Cannot serialise number: must not be NaN or Infinity
thehowl opened this issue · comments
Running torch-rnn, when saving checkpoints I get this from time to time:
/home/howl/torch-cl/install/bin/luajit: ./util/utils.lua:50: Cannot serialise number: must not be NaN or Infinity
stack traceback:
[C]: in function 'encode'
./util/utils.lua:50: in function 'write_json'
train.lua:234: in main chunk
[C]: in function 'dofile'
...l/torch-cl/install/lib/luarocks/rocks/trepl/scm-1/bin/th:145: in main chunk
[C]: at 0x55832286e450
I'm running torch-cl with the following:
th train.lua -input_h5 ../data.h5 -input_json ../data.json -gpu_backend opencl -init_from cv/checkpoint_74000.t7 -reset_iterations 0
The last two options were added because I had the problem already in previous runs.
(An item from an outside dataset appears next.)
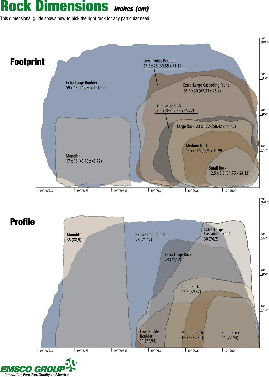 – OTHER ARCHITECTURAL ROCKS AVAILABLE EMSCO has a complete line of landscape rocks available. The rocks come in many different sizes, along with an assortment of detailed textured rocks.

Graphics card is a NVIDIA GeForce 620 OEM. Using OpenCL because running CUDA seems close to impossible or very hard anyway on my machine (it's sort of like an NVIDIA Optimus laptop, but it's a Dell workstation. Can find out the model if needed).
Running on Debian GNU/Linux sid (unstable).
As it turns out, this issue seems to be caused by Inf
trying to be added to the output (so for some reason when calculating loss there's a div by 0). When the loss history is encoded, it encounters the Inf and throws an error. If anyone else finds this issue, I quickly patched this in my local repo:
diff --git a/train.lua b/train.lua
index 52210ec..e11869b 100644
--- a/train.lua
+++ b/train.lua
@@ -185,7 +185,11 @@ for i = start_i + 1, num_iterations do
-- Take a gradient step and maybe print
-- Note that adam returns a singleton array of losses
local _, loss = optim.adam(f, params, optim_config)
- table.insert(train_loss_history, loss[1])
+ if loss[1] == math.huge or loss[1] == -math.huge or loss[1] ~= loss[1] then
+ print(string.format("Can't represent %f in JSON, so not adding to the training loss history", loss[1]))
+ else
+ table.insert(train_loss_history, loss[1])
+ end
if opt.print_every > 0 and i % opt.print_every == 0 then
local float_epoch = i / num_train + 1
local msg = 'Epoch %.2f / %d, i = %d / %d, loss = %f'
Handles +Inf
, -Inf
and NaN
.